The flow involves using a Python node to extract text from a DOC file using libraries such as fitz for PDF handling (if the document is in PDF format), BytesIO for in-memory file manipulation, and docx from the python-docx library to read DOC files specifically. Once the text is extracted, it’s sent to ChatGPT, where the model processes the content, searches for relevant information, and provides a summary based on the text, thereby streamlining the document analysis and summary generation process.

This code is a Python function designed to download a document from a given URL, extract text from either a PDF or DOCX file, and return the extracted text.

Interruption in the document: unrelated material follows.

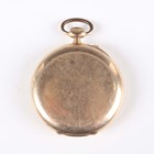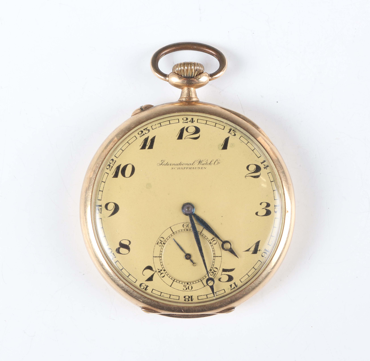 An International Watch Co (IWC) 14K gold circular cased keyless wind open-faced gentleman's pocket watch with signed and jewelled movement, the signed gilt dial with black Arabic hour numerals and subsidiary seconds, the case back interior detailed '14K 0,585' and numbered '813443', with gilt metal inner case, total weight 78.2g, case diameter 4.9cm.
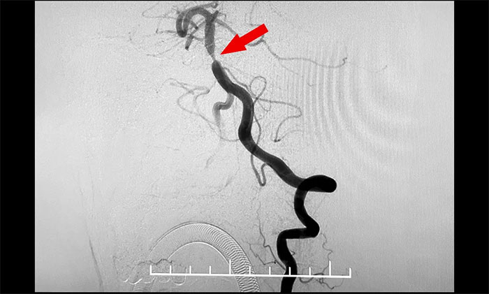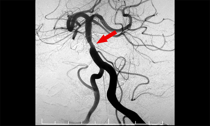 基底动脉位于颅内,且紧贴脑干,外科手术治疗基底动脉狭窄几乎没有可能,而对于重度狭窄的病人来说,单纯药物治疗收效甚微,神经介入治疗是唯一选择。但是基底动脉手术难度大、风险高,由于基底动脉穿支多,稍有闪失将会导致患者严重的手术相关脑卒中,对于手术操作技术的要求极高。席刚明教授团队决定迎难而上,在充分做好手术预案后,决定在全麻下行经皮基底动脉球囊扩张成形术+支架置入术,及时开通血管,挽救患者生命。

def main(context, **kwargs):
  import requests
  import fitz
  from io import BytesIO
  from docx import Document
  
  def download_file(url):
      response = requests.get(url)
      response.raise_for_status()
      return BytesIO(response.content)
  
  def extract_text_from_pdf(file_stream):
      document = fitz.open(stream=file_stream, filetype="pdf")
      text = ""
      for page_num in range(document.page_count):
          page = document.load_page(page_num)
          text += page.get_text()
      return text
  
  def extract_text_from_docx(file_stream):
      document = Document(file_stream)
      text = ""
      for para in document.paragraphs:
          text += para.text + "\n"
      return text
  
  def main(url):
      file_stream = download_file(url)
      
      if url.lower().endswith('.pdf'):
          text = extract_text_from_pdf(file_stream)
      elif url.lower().endswith('.docx'):
          text = extract_text_from_docx(file_stream)
      else:
          raise ValueError("Unsupported file type. Only PDF and DOCX are supported.")
      
      return text
  
  # Example
  url = context.variables["axi1-start"]["Document"]
  try:
      result = main(url)
  except Exception as e:
      result = e
  yield result

Good to know.

Here are the libraries available within Python environment node, covering a range of functionalities from data processing and machine learning to web development and API interactions:

Data Processing and Analysis:
- Pandas and NumPy for efficient data manipulation, analysis, and numerical computations.
- SciPy for scientific computing, widely used in research and technical applications.
Machine Learning & Natural Language Processing:
- Huggingface Hub to access and work with pre-trained NLP models and datasets.
- LangChain for leveraging language models in custom applications.
Web Development:
- Django and FastAPI for building full-featured web applications and high-performance APIs.
Cloud and API Integrations:
- Boto3 for AWS services integration and management.
- Google API Python Client for interacting with various Google APIs.
- Requests for making HTTP requests, commonly used for API calls.
Data Storage and Serialization:
- SQLAlchemy as an ORM for database management.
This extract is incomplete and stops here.